In the preceding post I wrote about the bites Brexit is already taking out of our daily lives at work and play. It’s really hard to fathom what the economics of it are going to be. Bad is the universal opinion, but how bad and in what areas?
The trouble with economic models is that they are not very good at predicting the future. They’re great for explaining and rationalising the past, but that’s not much good when you’re staring down the barrel of the single most important macro event of the last half century. The last economic downturn took some of us a decade to recover from. This one looks like being at least a generation, and not just economically. For the last few years we’ve been in a period of serious isms – isolationism, protectionism, lookafterourselvesism…and this is the background against which Brexit is going to play
The central banks’ methods of, for example, keeping down interest rates to stimulate the economy while at the same time making it more difficult for us to plan for a financially secure retirement, may well not work in 2020 and beyond. They might have the opposite effect. We simply don’t know.
Business uncertainty makes businesses worry and stop spending on the only thing that’s likely to bring them growth, namely marketing.

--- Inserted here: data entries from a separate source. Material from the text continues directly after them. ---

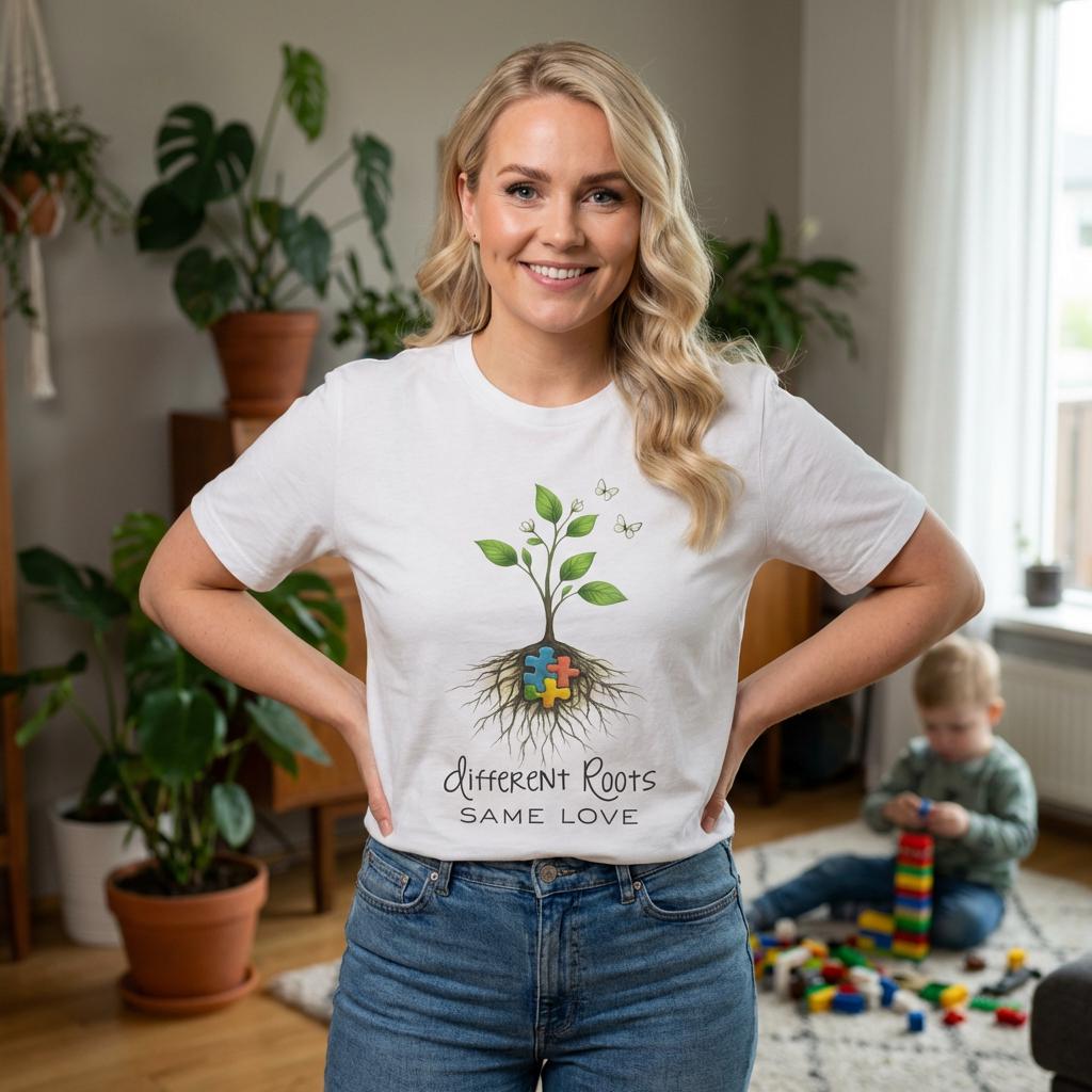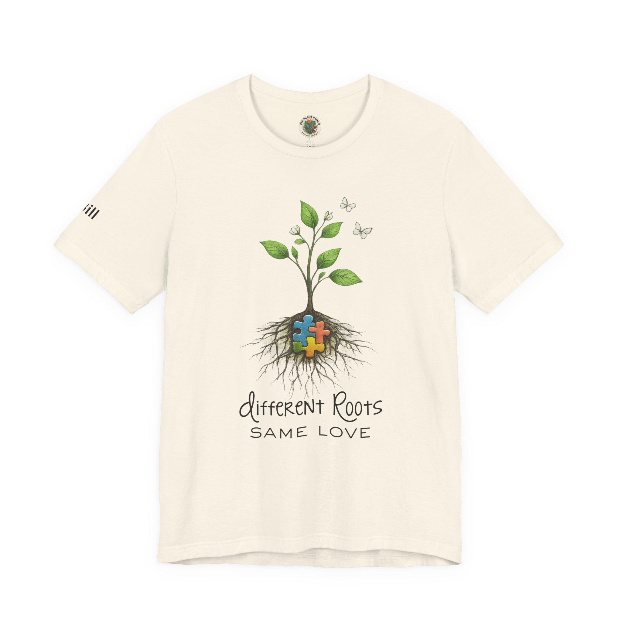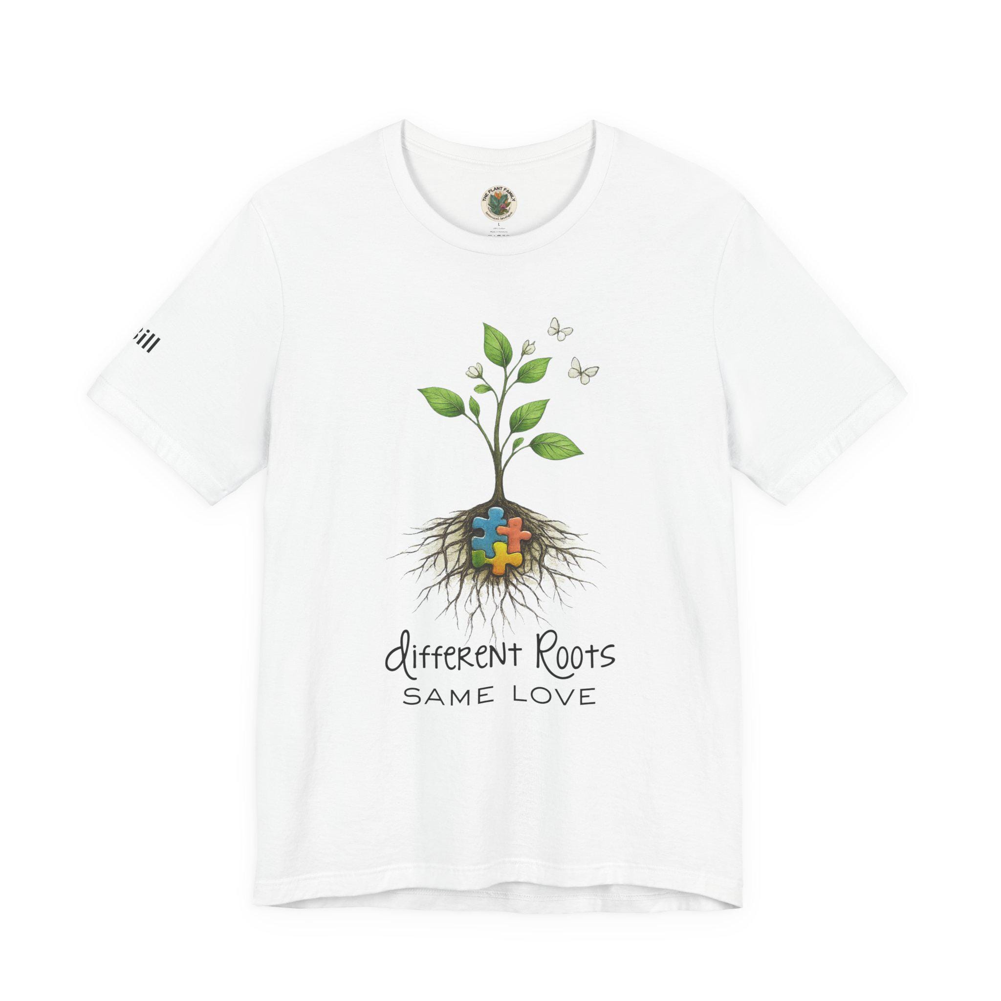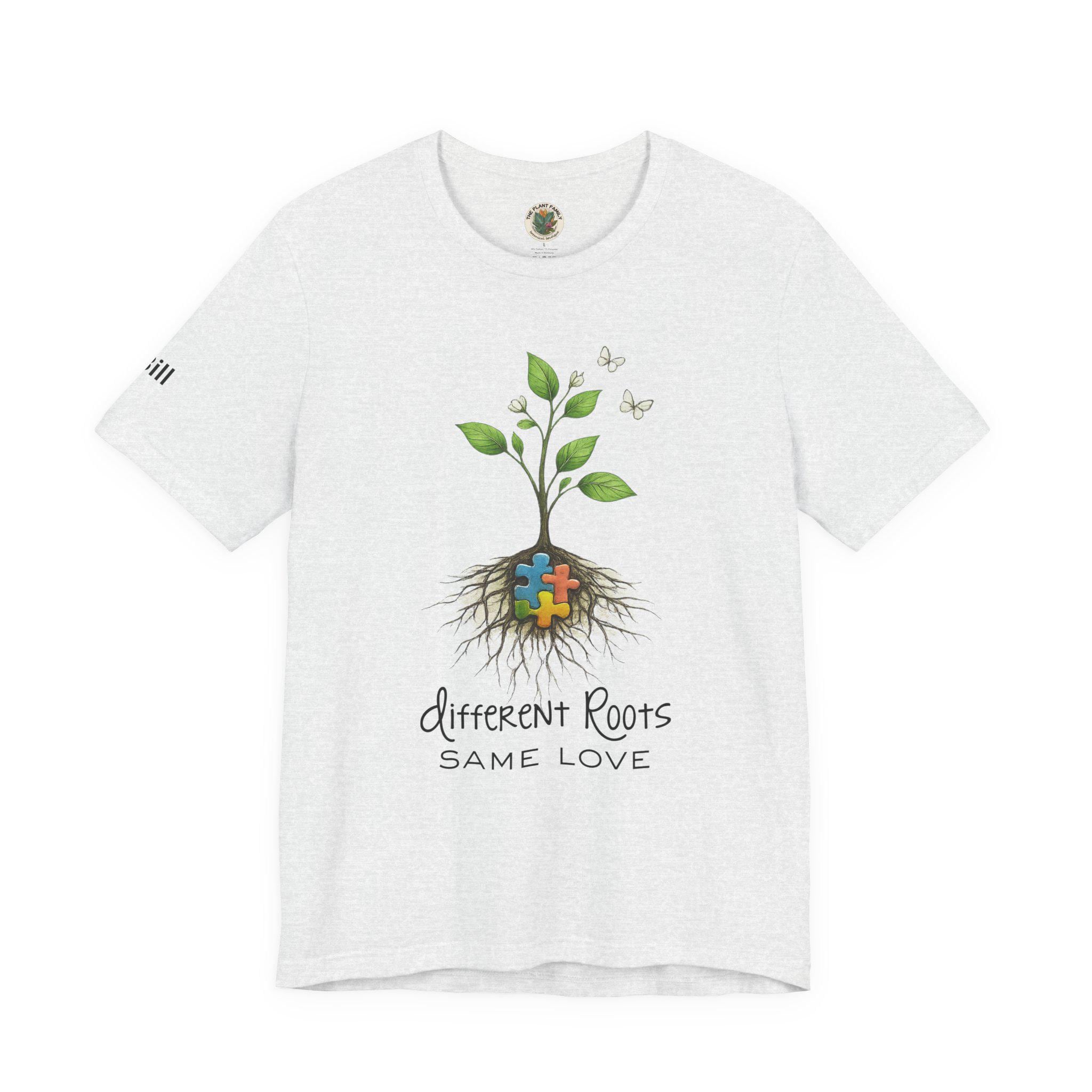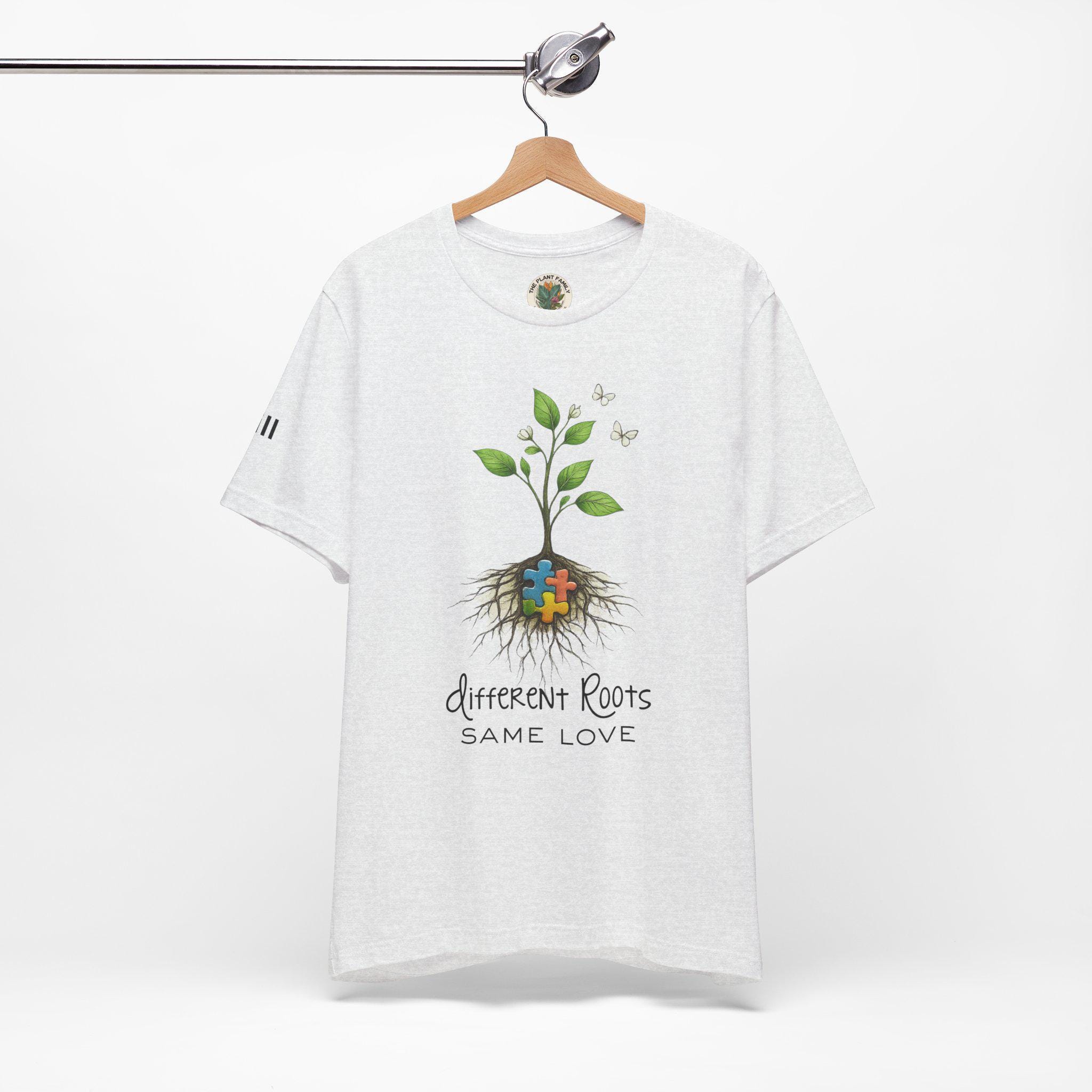 Celebrate love, growth, and the beauty of every unique journey with this Different Roots, Same Love autism awareness shirt 🌿
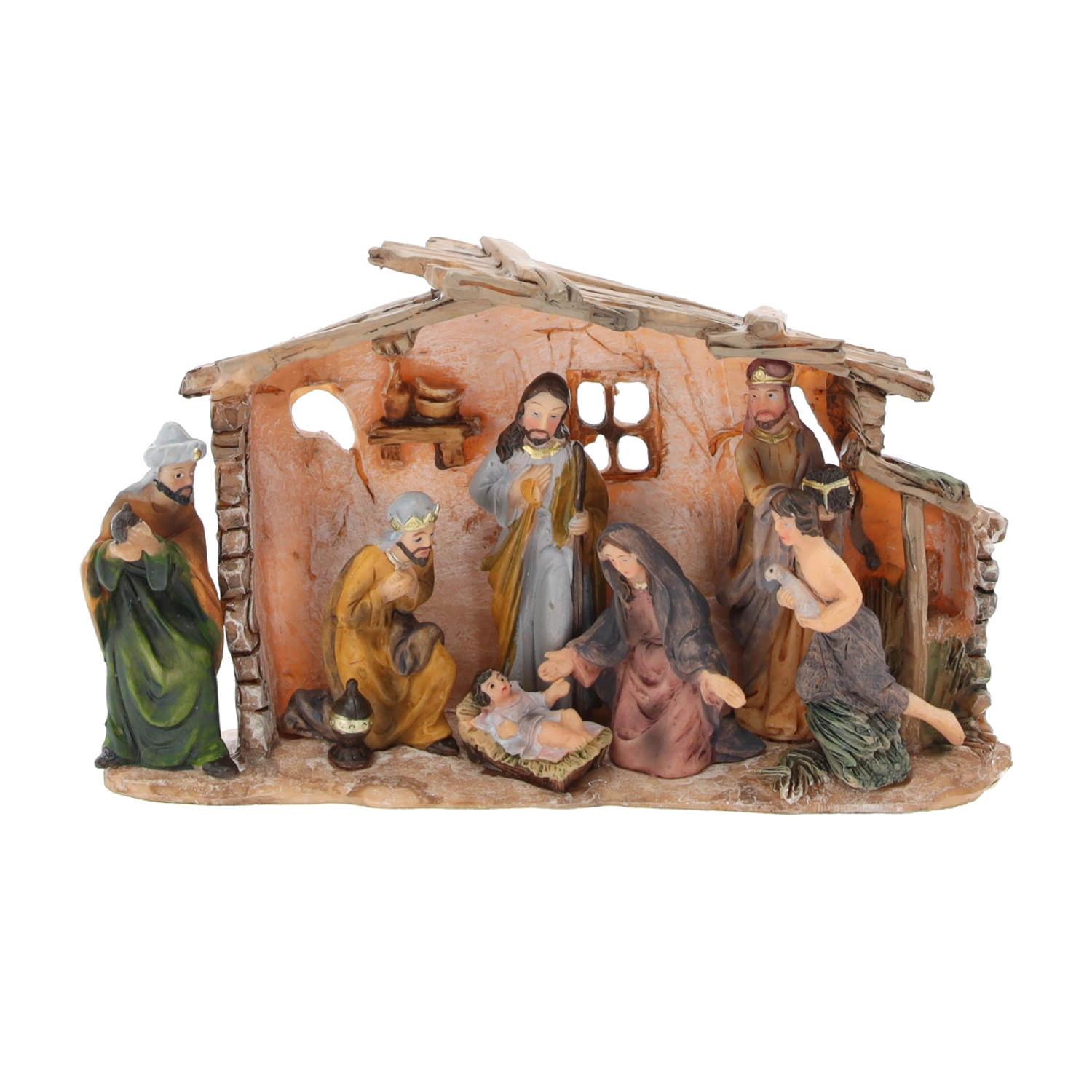 Prineste si domov kúzlo Vianoc s elegantným betlehemom, ktorý zobrazuje Svätú rodinu, pastierov a Traja kráľov pod rustikálnym chlievom. Figúrky sú detailne spracované a ručné maľované pre jedinečný vzhľad. Kompaktné rozmery robia z tejto dekorácie ideálnu vianočnú ozdobu na komodu, policu či krbovú rímsu. Odolná polyresínová živica zaistí dlhú životnosť a krásny vzhľad rok čo rok.
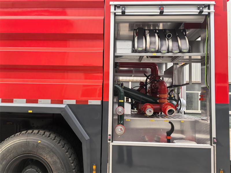 Voordat de levering plaatsvindt Beiben 6x4 WP10.380E32 brandweerwagen Vanuit onze fabriek hebben we een fabrieksinspectie van de brandweerwagen uitgevoerd, inclusief regenwatertests, prestatietests van de brandweerpomp en brandmonitor, en een eindinspectie van het lasproces, de lak en andere aspecten.
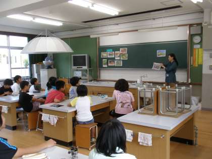 理科室での授業は,実験教材や観察教材がいっぱいです。みんな興味を持って意欲的に学習しています。
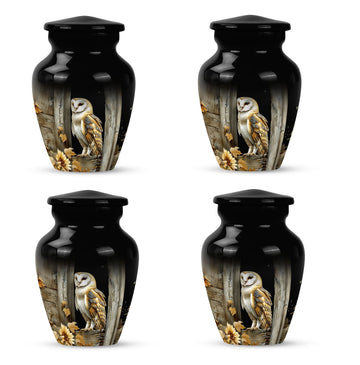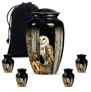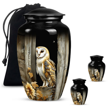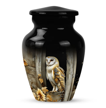Experience a profound sense of respect and peace with our Barn Owl Urn, a beautiful burial urn for ashes adult. This high-end cremation urn stands magnificently at a size of 10 inch, offering a stylish abode for your loved one's eternal rest. Crafted from durable aluminium, it is meticulously designed in a classic urn style emphasizing abstract themes, adding a unique touch to its elegance. It's spacious, boasting a capacity of 200 cubic inches and is quite sturdy with a weight of 3.3 pounds. Your package includes a plush velvet pouch for containment of ashes. Further enhance the value of this rich tribute to your dear one with our customization services that allow you to personalize with engraved names. Perfect for large urns requirements, this memorial adult urn showcases the perfect blend of aesthetics and sentiment, making it ideal for adult burial or as a loving cremation urn for dad. This unique urn certainly stands out from common cremation urns for ashes for adult humans.
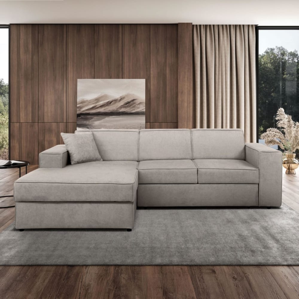Ecksofa mit Schlaffunktion, Velours-Stoff, cappuccino, links von Beauty Sofa GmbH
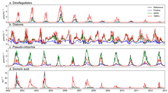 Whereas inter-annual fluctuations differed in terms of the dinoflagellate biomass between 2002 and 2014, with a decrease since 2007 (see the Reference situation curve, Figure 9), the diatom biomass fluctuated around 4 µmol N L−1 with a contribution of about 25% PSN, which episodically produced DA, with the highest concentrations in 2002 and 2004 (20 and 50 ng L−1, respectively) and low values for the other years (<5 ng L−1). In the Pristine scenario, dinoflagellates did not develop, and the diatom biomass was reduced by a factor of 2, while the proportion in PSN remained the same. However, no productio of DA was shown. The 1980s scenario showed a large increase in dinoflagellates, especially during the middle half of the period studied, following the seasonal trend of the Ref scenario. Whereas diatom biomass increased, PSN accordingly decreased, but produced more DA, probably because of a strong Si limitation. The A/R/D scenario, which would prevent dinoflagellates from growing, would maintain a diatom biomass level similar to the reference, including PSN, which did not, however, produce DA (Figure 9).
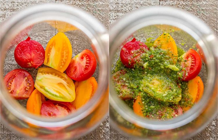 Переверните банку с помидорами, чтобы соус равномерно распределился. Затем поместите банку в холодильник и оставьте настаиваться в течение суток.
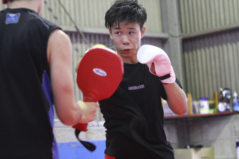 9月22日のK-1大阪大会で江川戦に挑む椿原。軽快なジャブとストレートをミットに叩き込む©️K-1

Why is it that the practice of positively influencing the exchange of outcomes between you and your customers the first thing you stop doing when the going gets tough?
Personal uncertainty makes us stop spending money and consuming as much as we were, which of course impacts businesses. It’s the downturn death spiral.
Who knows, perhaps any impending hardship will actually force us to properly embrace the environmental tenets of reduce, reuse, recycle, like our parents and grandparents had to do in wartime eras? Perhaps this kind of economic downturn and conservative/conserving/conservationist behaviour is just what the planet was hoping for. It might re-engender some genuine altruism and community spirit, and turn us from a diet of me-ism to we-ism.